At Queen's College Tanner began, in conjunction with Gibson (afterwards bishop of London, and his lifelong friend), the researches in antiquities which they prosecuted for the rest of their days. In 1693 he issued proposals for printing an edition of the entire works of John Leland, and, though the suggestion received scant encouragement, drudged at it for many years. Most of the works of Leland were in the end published by Hearne, and in 1709 the ‘Commentarii de Scriptoribus Britannicis’ came out under the editorship of Anthony Hall [q. v.] This induced Tanner to advertise in the ‘Courant’ of 22 March 1708–1709 that he should publish his ‘Bibliotheca Britannica’ with the commentaries of Leland. On 10 Sept. 1709 he hoped to finish it by the end of that winter, but the volume did not appear until after his death.
Tanner amassed great materials for an account of Wiltshire, and in 1696 contemplated its publication in succession to the works of Leland. He supplied the additions to the history of that county which were embodied in Gibson's edition of Camden's ‘Britannia,’ and in 1751 his collections on the county were presented by his son to the Bodleian Library. While in residence at Oxford Tanner compiled for Bernard's ‘Catalogue of Manuscripts’ (i. 249–263, 268–71) particulars of the collections of Francis Junius and Richard James, and of Gerard Langbaine's ‘adversaria,’ which are preserved in the Bodleian library. But the details are said to be wanting in exactness. In 1694 he made the acquaintance of Anthony à Wood, and they were soon on friendly terms. Dr. Charlett on 21 Nov. 1695, when the end of Wood's life was near, recommended him to entrust his manuscripts to Tanner as ‘carefull, true, faithfull, and discreet in the disposition of them.’ The general papers were placed by Wood on his deathbed in the care of Bisse of Wadham College and Tanner, with Charlett as their overseer, and the more private documents were not to be opened for seven years. The day before his death he gave the continuation of the ‘Athenæ Oxonienses’ ‘with great ceremony to Mr. Tanner for his sole use, without any restrictions’ (Life prefixed to Gutch's ed. of Hist. of Univ. of Oxford). It slumbered in manuscript for many years, and Tanner was even accused of keeping it back to transfer the matter to his own ‘Bibliotheca Britannica.’ About 1719 Jacob Tonson purchased the copyright in the published work, and Tanner was applied to for the additional lives, five hundred in all. After some strong expressions in them had been modified, they were included in the edition which came out in 1721 under the editorship, as it is believed, of Laurence Echard. Hearne was much displeased at this transaction, always calling it the ‘spurious edition,’ and his condemnation has been echoed by other writers. But it is probable that the only alterations in the memoirs as left by Wood consisted of the omission of a few harsh phrases.

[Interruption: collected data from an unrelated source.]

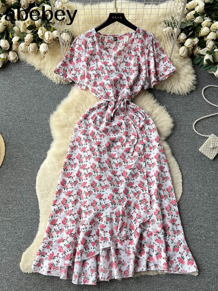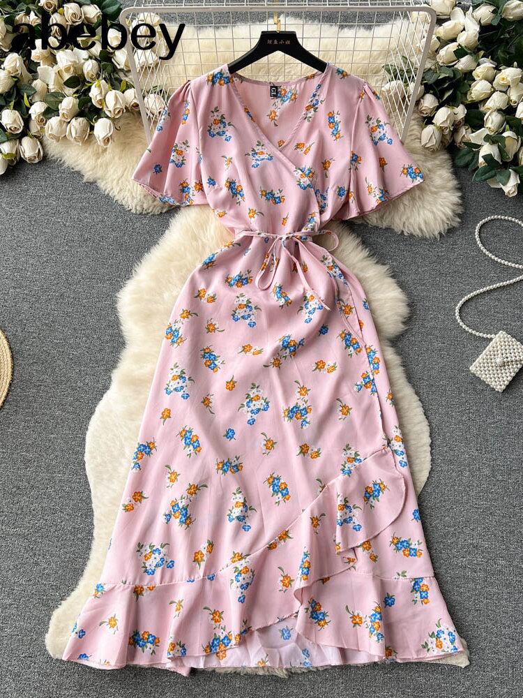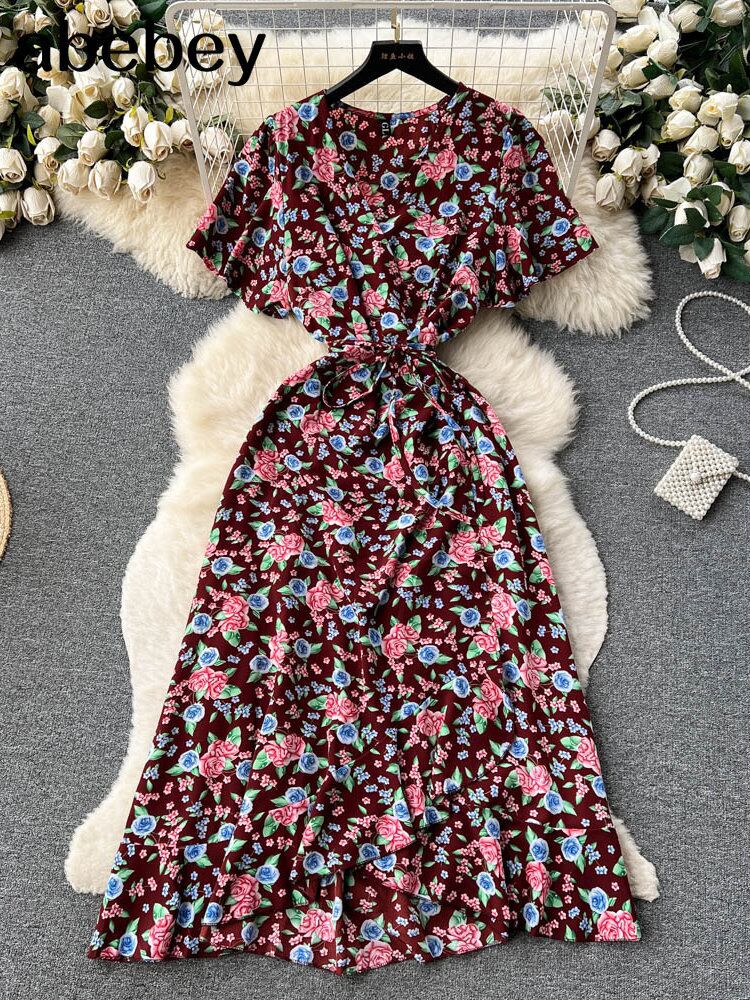 花柄ロングドレス半袖レトロ A ラインサンドレス夏ボヘミアンビーチマキシドレス ショート ハーフスリーブ サマー 夏物 Aライン
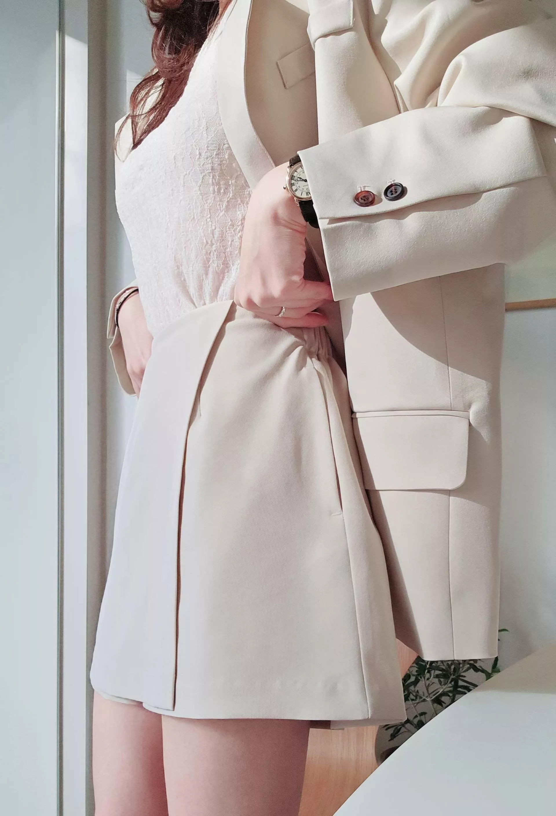 * 正面優雅、背面俐落: 正面是一片裙樣式,完美修飾大腿根部;背面則是俐落的西裝短褲,不用擔心走光,活動自如。
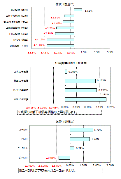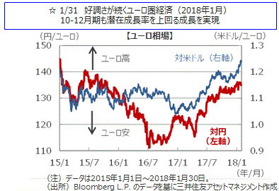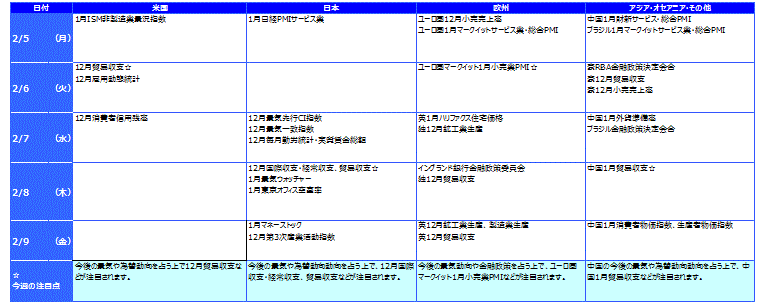 ドル、ユーロに対して円安となりました。対ドルでは日銀が意図的な国債買い入れ規模の縮小を否定したことや、1月の米雇用統計を受けて米長期金利が上昇したことなどから、週間では1.46%の円安となりました。対ユーロでは、ユーロ圏の長期金利上昇などを受け、週間では1.70%の円安となりました。
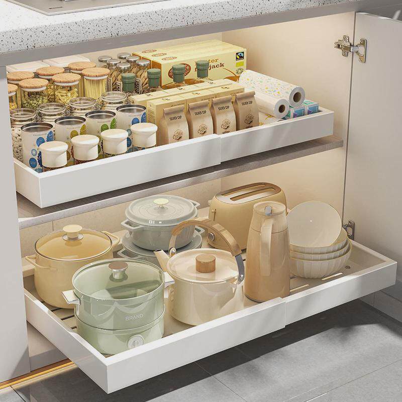 热销厨房抽屉式可伸缩橱柜内置超深柜拉篮抽拉式置物架锅具滑轨收
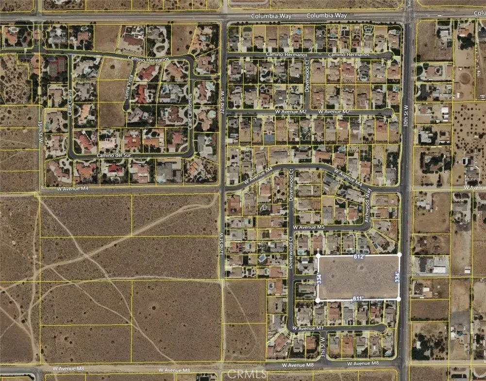 Development site in a million-dollar neighborhood. Seller will consider seller financing with 50% down! Located within Lancaster's ''semi-rural'' luxury corridor, this flat 4.69 acre land parcel has frontage on 30th Street West and is surrounded on 3 sides by the ''Premier Collection'' community. This is a highly desirable neighborhood of sprawling semi-custom single-story homes and impressive 2-story homes, most of which are over 4,000 sqft. Homes in this neighborhood are frequently selling for over $1,000,000. The subject property is a true ''in-fill'' lot, as it is the missing piece that would complete the Premier Collection. West Avenue M-6 is a stub street that terminates at the west side of the property, and it could be easily extended through this property to create a tract. Homes could then be built on each side of the street. The property owner previously obtained a tract map (TTM 66793), now expired, yielding 8 half-acre lots. A developer could therefore purchase this property, re-apply for the tract map, and build 8 estate homes that could sell for well in excess of $1,000,000 each. There is currently strong demand for luxury new homes in the Antelope Valley. Another option is for a developer to utilize the new ADU laws and build 16 ''build to rent'' homes on the 8 lots, which would be in very high demand due to the location. The seller also previously obtained a water letter, grading report, and environmental report. Water, sewer, gas, and electricity connections are all present. A water meter box appears to be present alongside 30th St. Paraclete High School, a
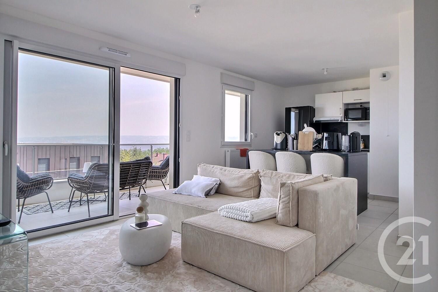Une belle pièce de vie lumineuse, parfaite pour se détendre ou recevoir, ouverte sur un spacieux balcon-terrasse de 11 m² avec une agréable vue sur le lac,
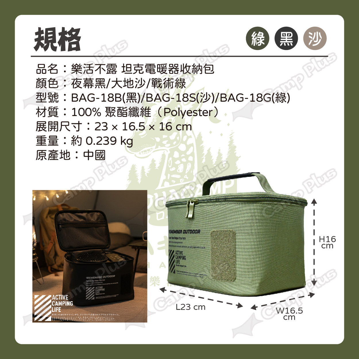型號:BAG-18B(黑)/BAG-18S(沙)/BAG-18G(綠)
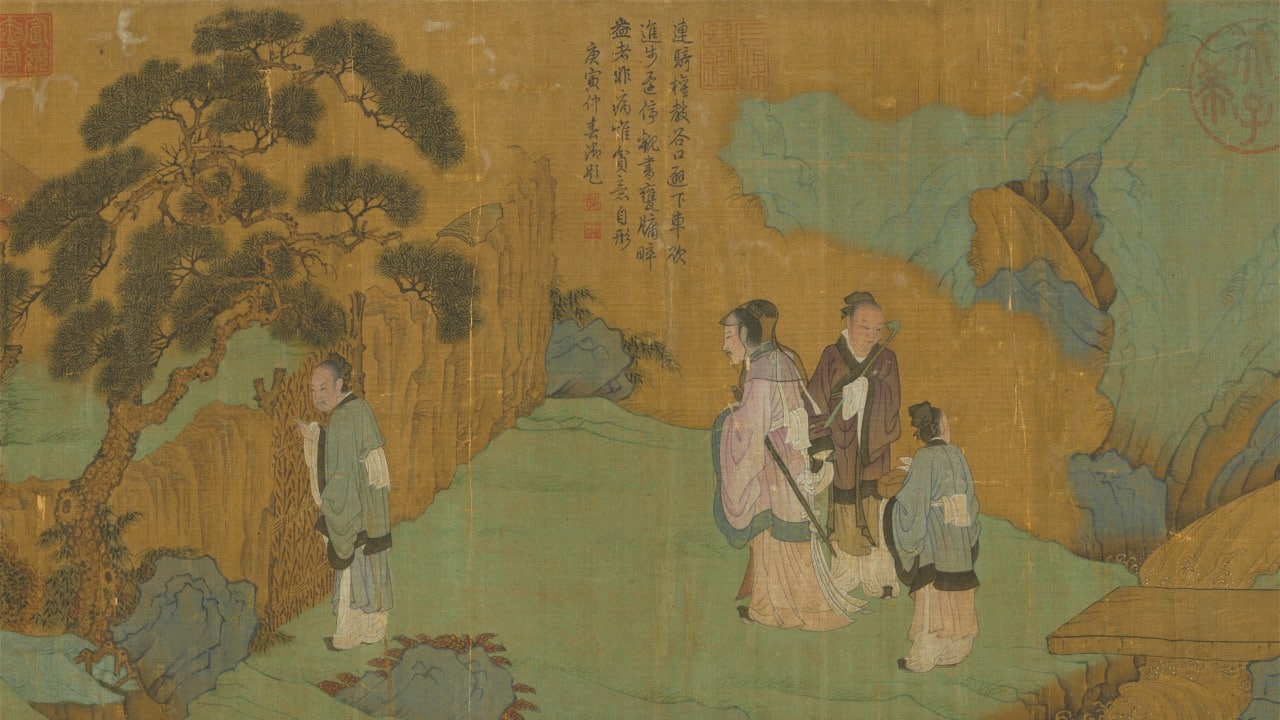Một phần bức tranh "Úng Dũ đồ" của Nguyên Triệu Mạnh Phủ, kể chuyện Tử Cống gặp Nguyên Hiến. (Tranh: Bảo tàng Cố Cung quốc gia Đài Loan, Public Domain)
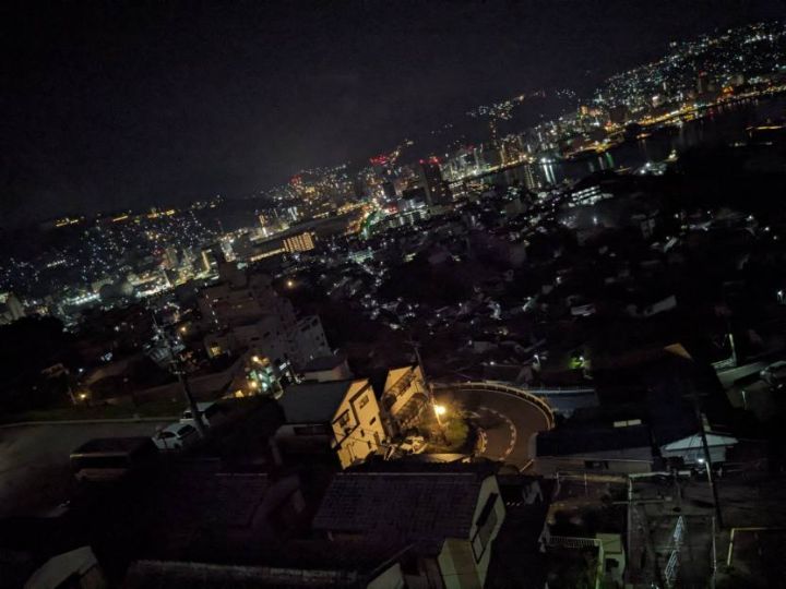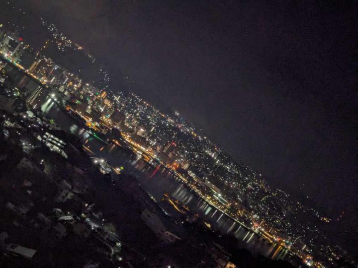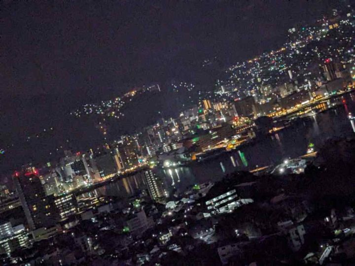 ホテル6Fプレミアムツインハーバービューからの夜景です。稲佐山の中腹にあり、高度もあるため長崎港方面が良く見渡せる非常に素晴らしい夜景となっています。山の斜面に住宅が建て込む長崎市の地形の特徴が非常に良く分かります。斜面のハートのイルミネーションも素敵ですね。さすが夜景都市長崎です。 公式サイトは登録されていません。 |
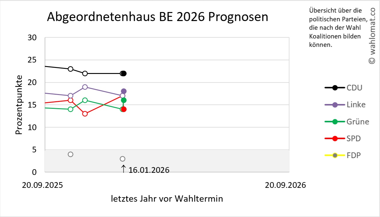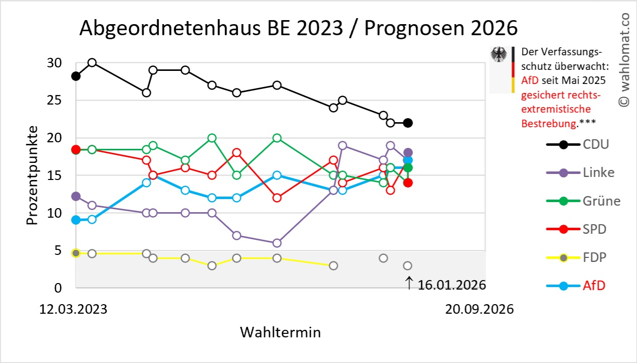 Wahlumfrage Berlin: Letzte Wahlprognose vom 16.01.2026/Infratest dimap (Stand 14.02.2026):

Tanner's ‘Notitia Monastica’ brought him under the notice of John Moore, then bishop of Norwich, whose private chaplain he became in 1698; on 6 March 1700–1 he was collated, by the gift of the bishop, to the chancellorship of Norwich diocese. Moore made him on 24 Nov. 1703 commissary in the archdeaconry of Norfolk, and on 1 Jan. 1706–7 commissary of the archdeaconry of Sudbury and the town of Bury St. Edmunds. In June 1706 he was presented by Duncan Dee [q. v.] to the rectory of Thorpe Bishop's, near Norwich. Moore, when translated to the see of Ely, bestowed on him a canonry in that cathedral (installed 10 Sept. 1713), which was vacated by his installation on 15 Feb. 1723–4 as canon of Christ Church, Oxford, a preferment which restored him to his beloved university. He was raised to the archdeaconry of Norfolk on 26 Dec. 1721, and the lower house of convocation in 1727 elected him as its prolocutor. He took the degrees of B.D. and D.D. on 30 June 1710.
These distinctions foreshadowed his elevation to the episcopal bench, and on 23 Jan. 1731–2 he was consecrated at Lambeth as bishop of St. Asaph. He retained his canonry at Christ Christ in commendam, residing there for a part of the year, and in 1733 he became the sinecure rector of Llandrillo, Merionethshire. At the close of that year he was very ill, but recovered, although ‘of a gross body.’ After an indisposition of seven days he died at Christ Church on 14 Dec. 1735, and was buried ‘without any funeral pomp’ near the pulpit in the nave of the cathedral on 26 Dec. (Miscell. Geneal. et Herald., 2nd ser. i. 145). It is said that his death was hastened by one of Dr. Ward's pills (Joseph Clutton, Ward's Pills, 1736, p. 79). His epitaph was on the first pillar of the south side of the cathedral; a shorter inscription is on a large black gravestone under which he lies. The charitable bequests of the bishop included the sum of 200l. to his native place, the interest of which was to be expended annually on 25 Jan.—his birthday and St. Paul's day—in teaching and other charitable and social purposes.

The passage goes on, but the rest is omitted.